The Wilcoxon-Mann-Whitney test requires that two distributions are symmetrical How can I check this assumption by using a hypothesis test and how apply it in R? If this assumption is not met what test should I use rather than the Wilcoxon-Mann-Whitney test?
-
This post has extensive discussion of the various assumptions of the MWU test and I think is relevant here. – COOLSerdash Jan 15 '23 at 09:53
1 Answers
The Wilcoxon-Mann-Whitney test requires that two distributions are symmetrical
No, it doesn't require symmetry of both distributions.

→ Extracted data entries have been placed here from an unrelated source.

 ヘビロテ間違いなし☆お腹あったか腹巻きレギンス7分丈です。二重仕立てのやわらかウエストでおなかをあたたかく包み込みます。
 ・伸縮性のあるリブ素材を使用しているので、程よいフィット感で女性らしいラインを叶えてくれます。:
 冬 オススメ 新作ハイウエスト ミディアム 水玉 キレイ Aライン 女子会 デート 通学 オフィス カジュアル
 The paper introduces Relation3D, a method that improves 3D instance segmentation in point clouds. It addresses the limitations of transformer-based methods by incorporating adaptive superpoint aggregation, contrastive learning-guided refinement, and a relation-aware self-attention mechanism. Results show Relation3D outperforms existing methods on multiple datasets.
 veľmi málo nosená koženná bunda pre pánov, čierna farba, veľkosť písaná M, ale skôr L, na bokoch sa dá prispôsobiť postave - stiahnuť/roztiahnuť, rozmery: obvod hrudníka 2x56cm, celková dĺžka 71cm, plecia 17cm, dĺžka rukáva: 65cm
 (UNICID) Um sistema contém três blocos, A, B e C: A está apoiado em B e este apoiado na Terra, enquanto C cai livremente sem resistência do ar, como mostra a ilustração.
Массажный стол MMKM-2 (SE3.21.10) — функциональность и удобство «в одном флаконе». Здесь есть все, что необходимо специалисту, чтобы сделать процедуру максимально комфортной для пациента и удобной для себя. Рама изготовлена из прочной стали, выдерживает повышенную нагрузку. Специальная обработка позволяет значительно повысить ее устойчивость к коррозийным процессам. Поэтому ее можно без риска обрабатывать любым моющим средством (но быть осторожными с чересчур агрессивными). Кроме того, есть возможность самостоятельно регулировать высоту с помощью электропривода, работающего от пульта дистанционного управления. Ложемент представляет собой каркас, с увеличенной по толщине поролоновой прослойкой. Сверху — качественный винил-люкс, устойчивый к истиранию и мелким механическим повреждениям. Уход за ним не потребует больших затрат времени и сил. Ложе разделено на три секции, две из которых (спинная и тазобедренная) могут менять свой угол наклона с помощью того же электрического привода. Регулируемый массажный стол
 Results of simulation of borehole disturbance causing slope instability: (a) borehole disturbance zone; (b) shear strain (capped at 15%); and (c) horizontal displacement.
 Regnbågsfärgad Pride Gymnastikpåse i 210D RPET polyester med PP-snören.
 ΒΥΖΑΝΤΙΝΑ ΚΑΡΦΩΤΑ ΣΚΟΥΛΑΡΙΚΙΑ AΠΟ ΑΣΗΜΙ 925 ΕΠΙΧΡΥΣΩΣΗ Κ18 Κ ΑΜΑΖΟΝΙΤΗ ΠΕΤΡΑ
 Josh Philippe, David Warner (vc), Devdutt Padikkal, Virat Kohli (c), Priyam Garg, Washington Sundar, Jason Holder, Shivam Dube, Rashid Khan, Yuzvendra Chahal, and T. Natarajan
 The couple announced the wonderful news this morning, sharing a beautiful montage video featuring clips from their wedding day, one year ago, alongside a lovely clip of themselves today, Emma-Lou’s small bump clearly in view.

(What makes you think this is necessary?)
It requires exchangeability of the ranks under H0 (and not under H1); the most typical way to get that would be if the two distributions had the same shape when H0 is true. They don't have to have the same shape when its false.
How can I check this assumption by using a hypothesis test
Even if it were to be a necessary assumption, testing it on the samples is not especially relevant, since you'd only require it under H0, which you have no good reason to think is true; indeed with an equality null, it's almost certainly false, so the assumption applies under a situation which the data don't typically tell you much about.
Edit: Let me give an explicit example.
Illustrative example
Imagine for the sake of argument that I have two samples, one notionally a sort of 'control' group and one a sort of 'treatment' group. There's a claim that the treatment performed on the treatment group is highly valuable (has a substantive effect on the measure of interest) but we don't really think the treatment does anything at all.
Now imagine that each population has a beta distribution (under both H0 and H1). If the treatment does nothing, the parameters of the distribution would be the same (so that indeed the Wilcoxon-Mann-Whitney would have exchangeable ranks under H0).
If the treatment does something that corresponds to the claim we would expect the parameters to change.
For example, if the alternative is true we could see something like this:
while if the treatment did nothing at all, we would expect to see the black distribution for both populations.
If $H_1$ were true and we had samples from these two distributions, checking the assumption of the same shape under $H_0$ by looking at the data would be completely misleading $-$ in a reasonable-sized sample we would be highly likely to conclude that the shapes differ.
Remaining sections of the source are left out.